Using GPUs with Fuzzball
Fuzzball intelligently passes GPUs from the host through to the containers that support jobs. Once an administrator has properly added and configured resources that include GPUs, you can access them simply by specifying them in your Workflow.
Observe the following Fuzzfile:
version: v1
jobs:
gpu-check:
image:
uri: docker://rockylinux:9
command:
- /bin/sh
- '-c'
- nvidia-smi
resource:
cpu:
cores: 1
memory:
size: 1GB
devices:
nvidia.com/gpu: 1
Note that the gpu-check
job in this workflow is based on the official Rocky Linux (v9) container
on Docker Hub. This
container does not have a GPU driver or any NVIDIA related software installed. However, the Fuzzfile
specifies that this job should run the program nvidia-smi
to check the status of any GPUs that are
present.
The resources
section has a field devices
that allows you to specify that the job should use
GPUs.
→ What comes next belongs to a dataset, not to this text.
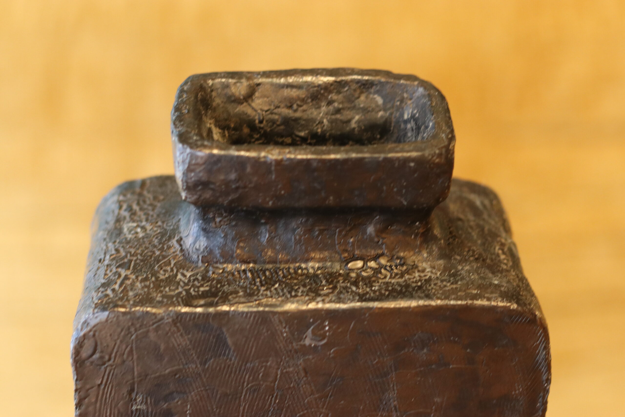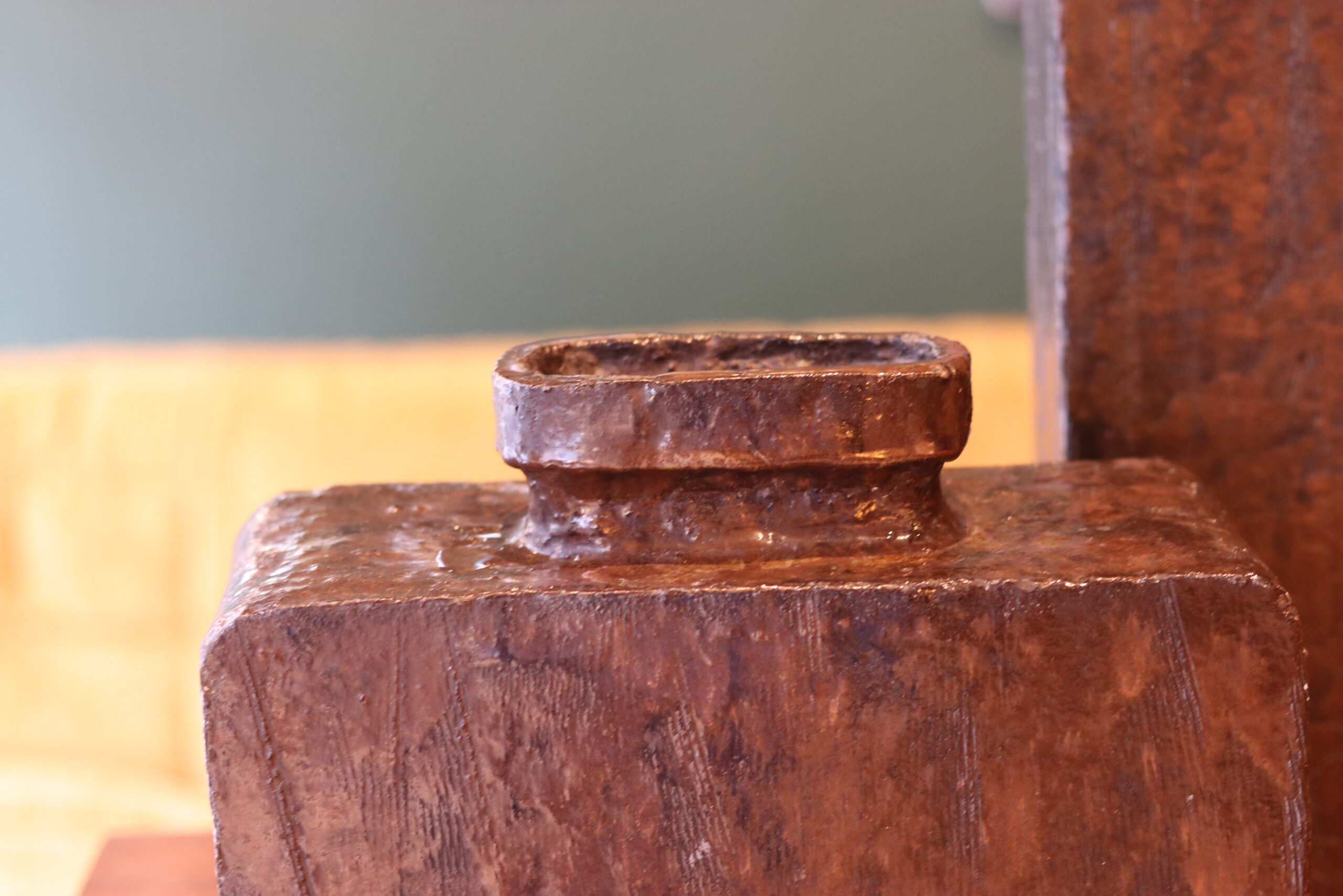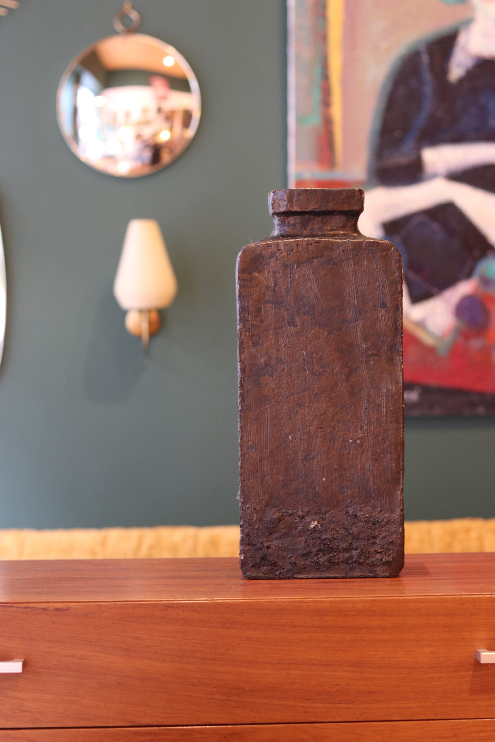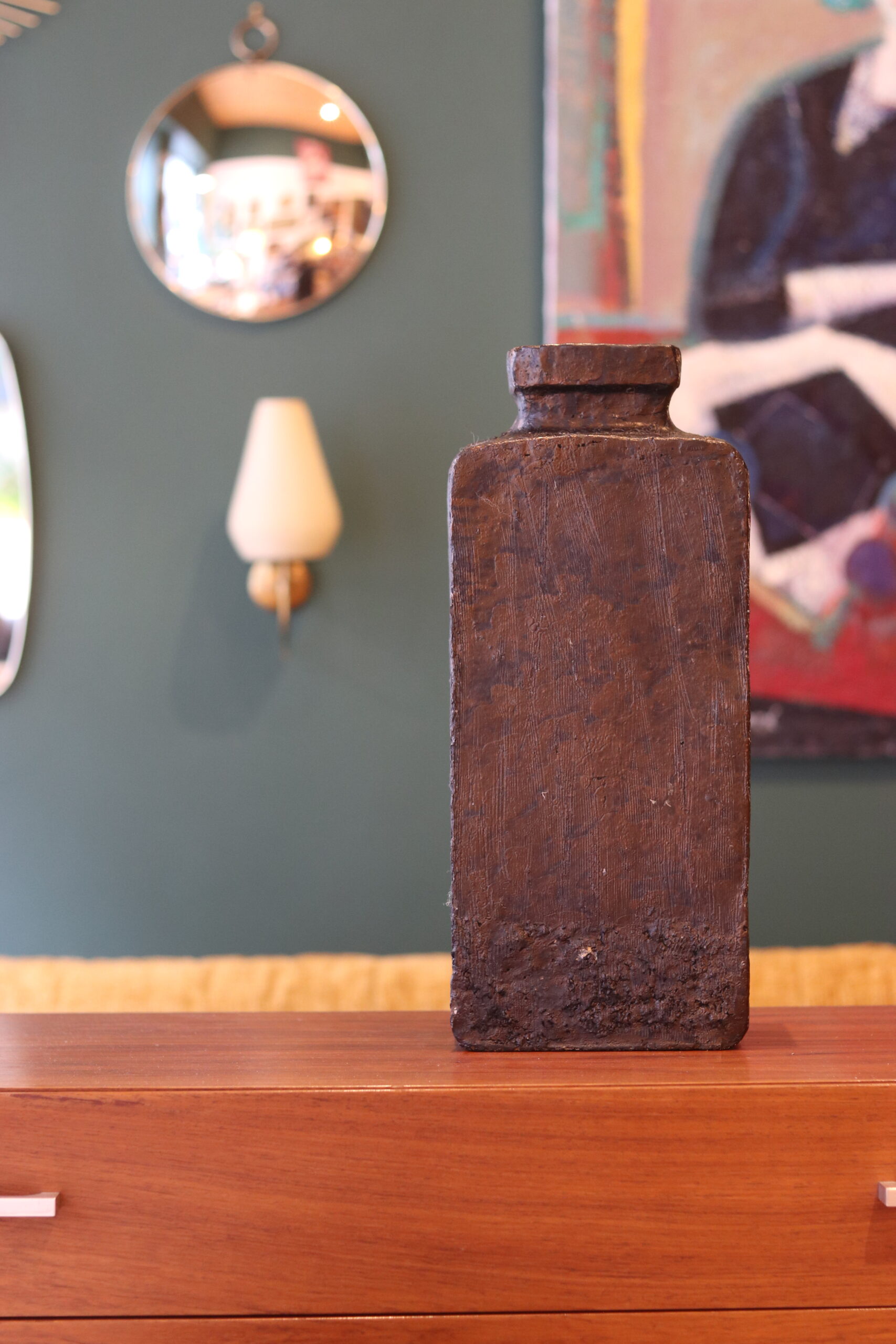 Imposante paire de vases en grès vernissé, signés JD, datant des années 1970. Leur forme géométrique et la matière brute évoquent les recherches de céramistes d’atelier de la période brutaliste.

Since our administrator has configured GPUs for use with nvidia.com/gpu
, we can specify that
we need to use one. Fuzzball will cause all of the driver-related software to be available in the
container. Note that the nvidia-smi
command has no trouble completing even though the Rocky Linux
container has no NVIDIA-related software.
Thu Aug 15 20:27:38 2024
+-----------------------------------------------------------------------------------------+
| NVIDIA-SMI 555.42.06 Driver Version: 555.42.06 CUDA Version: 12.5 |
|-----------------------------------------+------------------------+----------------------+
| GPU Name Persistence-M | Bus-Id Disp.A | Volatile Uncorr. ECC |
| Fan Temp Perf Pwr:Usage/Cap | Memory-Usage | GPU-Util Compute M. |
| | | MIG M. |
|=========================================+========================+======================|
| 0 Tesla V100-SXM2-16GB Off | 00000000:00:1E.0 Off | 0 |
| N/A 42C P0 40W / 300W | 1MiB / 16384MiB | 2% Default |
| | | N/A |
+-----------------------------------------+------------------------+----------------------+
+-----------------------------------------------------------------------------------------+
| Processes: |
| GPU GI CI PID Type Process name GPU Memory |
| ID ID Usage |
|=========================================================================================|
| No running processes found |
+-----------------------------------------------------------------------------------------+
Not only is it unnecessary to install NVIDIA drivers into containers that will run GPU workflows, it is considered a bad practice to do so. Under the hood, Fuzzball finds libraries and binaries associated with the NVIDIA driver and injects them into the container. This ensures that the kernel modules and the libraries are both in agreement. If you install GPU drivers into the container there is a chance that they could be found by the software in your container and disrupt the correspondence between the libraries and the installed kernel modules.
There is a difference between the NVIDIA driver and CUDA. This is confusing since CUDA is often packaged with the NVIDIA driver. You should install the correct version of CUDA in your container to support your GPU-accelerated software. But you should not install the driver.